↓

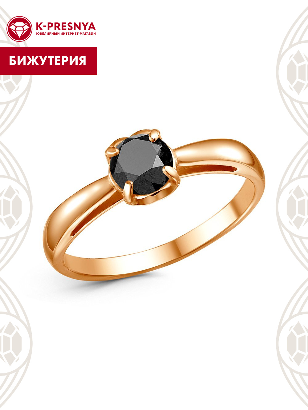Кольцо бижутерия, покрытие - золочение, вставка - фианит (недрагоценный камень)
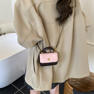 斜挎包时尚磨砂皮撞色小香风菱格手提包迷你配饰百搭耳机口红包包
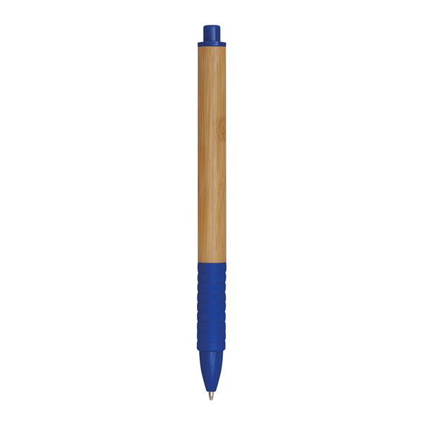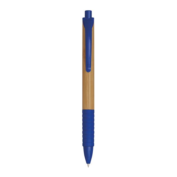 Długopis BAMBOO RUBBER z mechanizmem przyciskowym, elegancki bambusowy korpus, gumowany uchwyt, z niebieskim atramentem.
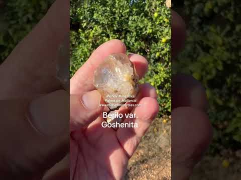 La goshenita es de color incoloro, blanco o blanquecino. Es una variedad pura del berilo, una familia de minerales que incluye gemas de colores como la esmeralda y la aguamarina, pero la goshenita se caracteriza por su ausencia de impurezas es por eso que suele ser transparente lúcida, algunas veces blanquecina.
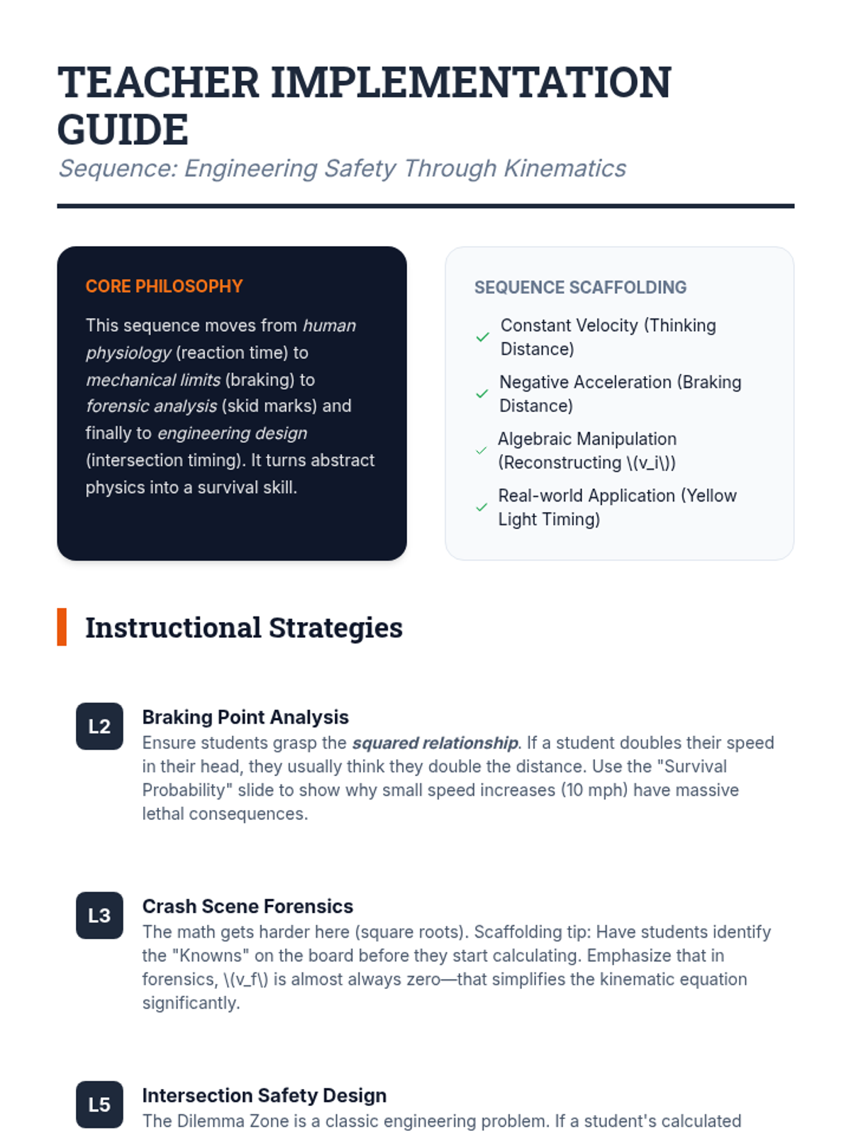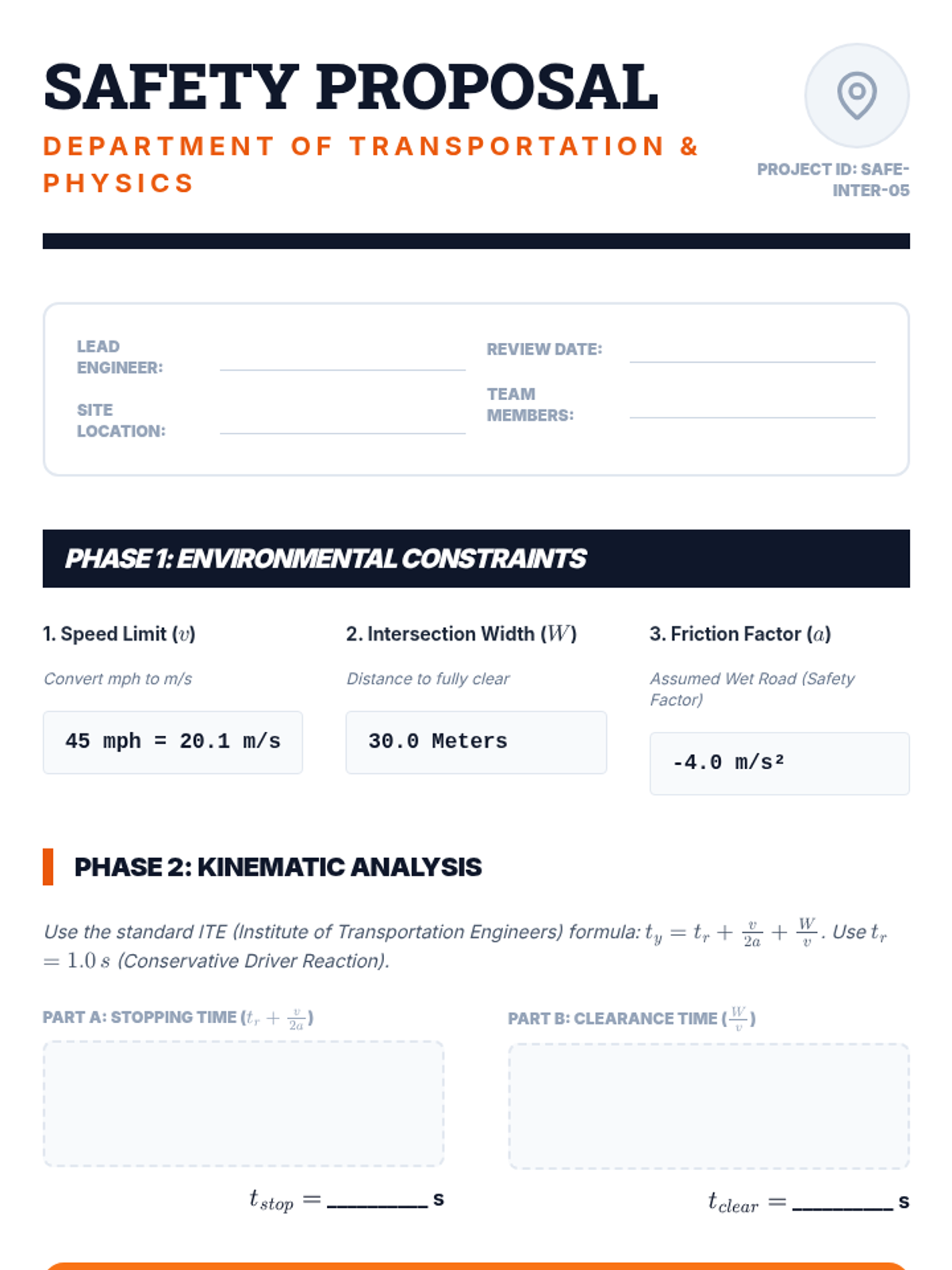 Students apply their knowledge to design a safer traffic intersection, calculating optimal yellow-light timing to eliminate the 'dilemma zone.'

↑
↓

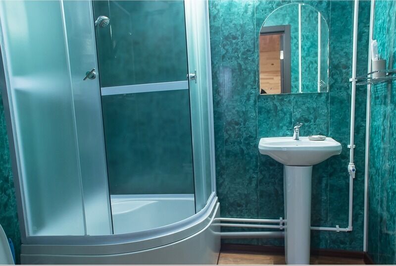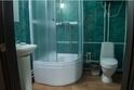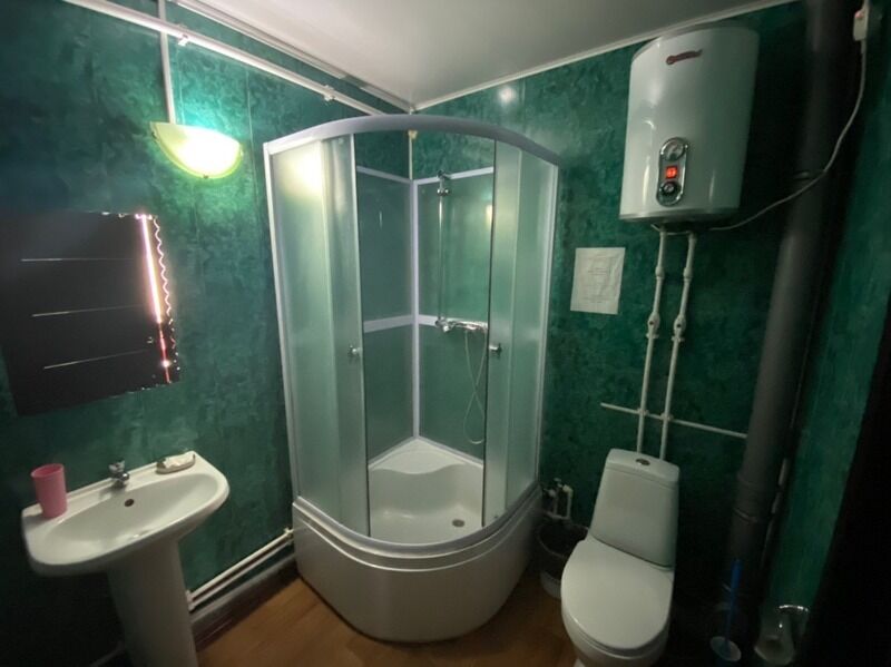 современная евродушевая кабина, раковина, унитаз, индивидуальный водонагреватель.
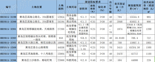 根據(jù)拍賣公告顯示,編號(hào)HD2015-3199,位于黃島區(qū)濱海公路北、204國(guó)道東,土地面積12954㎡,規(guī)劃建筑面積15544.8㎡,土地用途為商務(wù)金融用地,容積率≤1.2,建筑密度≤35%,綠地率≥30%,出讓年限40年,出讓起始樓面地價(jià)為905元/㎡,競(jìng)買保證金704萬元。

↑
↓

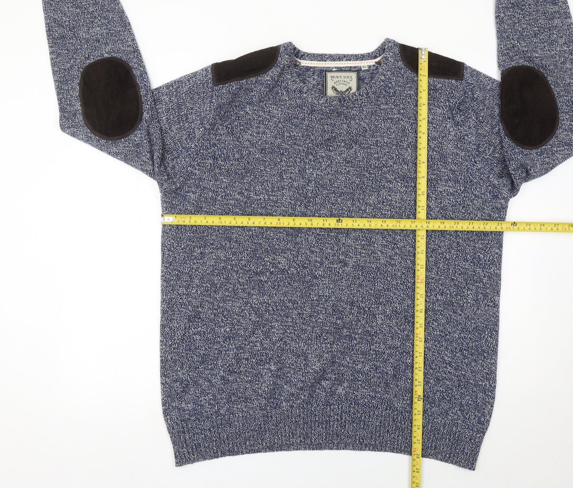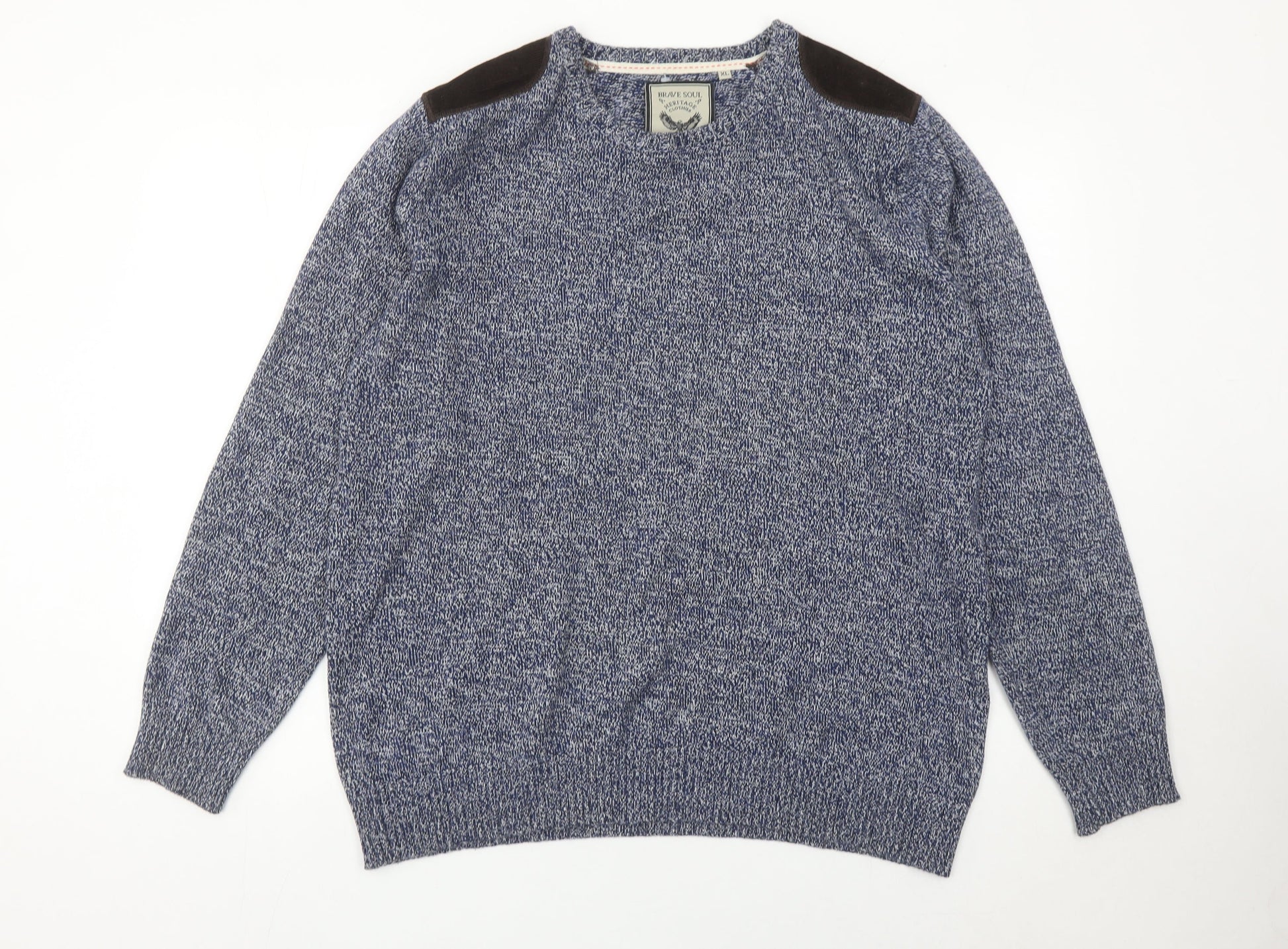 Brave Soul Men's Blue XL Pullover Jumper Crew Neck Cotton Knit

↑

WHAT IS REQUIRED: Although pictures appear among the entries, please set down only the lines from the one with "斜挎包时尚磨砂皮撞色小香风菱格手提包迷你配饰百搭耳机口红包包" up to and including the one with "Students apply their", word for word.

EXERCISE RESPONSE:
 斜挎包时尚磨砂皮撞色小香风菱格手提包迷你配饰百搭耳机口红包包
 Długopis BAMBOO RUBBER z mechanizmem przyciskowym, elegancki bambusowy korpus, gumowany uchwyt, z niebieskim atramentem.
 La goshenita es de color incoloro, blanco o blanquecino. Es una variedad pura del berilo, una familia de minerales que incluye gemas de colores como la esmeralda y la aguamarina, pero la goshenita se caracteriza por su ausencia de impurezas es por eso que suele ser transparente lúcida, algunas veces blanquecina.
 Students apply their knowledge to design a safer traffic intersection, calculating optimal yellow-light timing to eliminate the 'dilemma zone.'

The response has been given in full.